Book Review: Zhamak Dehghani's Data Mesh: Delivering Data-Driven Value at Scale (2021)

Zhamak Dehghani's "Data Mesh: Delivering Data-Driven Value at Scale" (2021)

Zhamak Dehghani's "Data Mesh: Delivering Data-Driven Value at Scale" (2021) is a must read book for the data professional. So, here I am, finally managing to read it and give it some thought, even if it will probably take more time and a few more reads for the ideas to grow. Working in the fields of Business Intelligence and Software Engineering for almost a quarter-century, I think I can understand the historical background and the direction of the ideas presented in the book. There are many good ideas but also formulations that make me circumspect about the applicability of some assumptions and requirements considered. 

So, after data marts, warehouses, lakes and lakehouses, the data mesh paradigm seems to be the new shiny thing that will bring organizations beyond the inflection point with tipping potential from where organization's growth will have an exponential effect. At least this seems to be the first impression when reading the first chapters. 

The book follows to some degree the advocative tone of promoting that "our shiny thing is much better than previous thing", or "how bad the previous architectures or paradigms were and how good the new ones are" (see [2]). Architectures and paradigms evolve with the available technologies and our perception of what is important for businesses. Old and new have their place in the order of things, and the old will continue to exist, at least until the new proves its feasibility.  

The definition of the data mash as "a sociotechnical approach to share, access and manage analytical data in complex and large-scale environments - within or across organizations" [1] is too abstract even if it reflects at high level what the concept is about. Compared to other material I read on the topic, the book succeeds in explaining the related concepts as well the goals (called definitions) and benefits (called motivations) associated with the principles behind the data mesh, making the book approachable also by non-professionals. 
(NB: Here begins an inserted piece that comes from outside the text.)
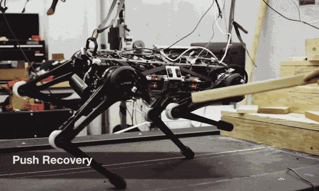 该算法被设计成每50毫秒对每条腿进行一次计算(或每秒计算20次)。在实验中,研究人员在机器人在跑步机上小跑时用脚踢和用力拉扯,并在它爬上满是障碍物的楼梯时用皮带猛拽。他们发现,模型预测算法使机器人能够快速产生反作用力,以恢复平衡并继续前进,而不会朝相反的方向摔倒。

Built around four principles "data as a product", "domain-oriented ownership", "self-serve data platform" and "federated governance", the data mesh is the paradigm on which data as products are developed; where the products are "the smallest unit of architecture that can be independently deployed and managed", providing by design the information necessary to be discovered, understood, debugged, and audited.

It's possible to create Lego-like data products, data contracts and/or manifests that address product's usability characteristics, though unless the latter are generated automatically, put in the context of ERP and other complex systems, everything becomes quite an endeavor that requires time and adequate testing, increasing the overall timeframe until a data product becomes available. 

The data mesh describes data products in terms of microservices that structure architectures in terms of a collection of services that are independently deployable and loosely coupled. Asking from data products to behave in this way is probably too hard a constraint, given the complexity and interdependency of the data models behind business processes and their needs. Does all the effort make sense? Is this the "agility" the data mesh solutions are looking for?

Many pioneering organizations are still fighting with the concept of data mesh as it proves to be challenging to implement. At a high level everything makes sense, but the way data products are expected to function makes the concept challenging to implement to the full extent. Moreover, as occasionally implied, the data mesh is about scaling data analytics solutions with the size and complexity of organizations. The effort makes sense when the organizations have a certain size and the departments have a certain autonomy, therefore, it might not apply to small to medium businesses.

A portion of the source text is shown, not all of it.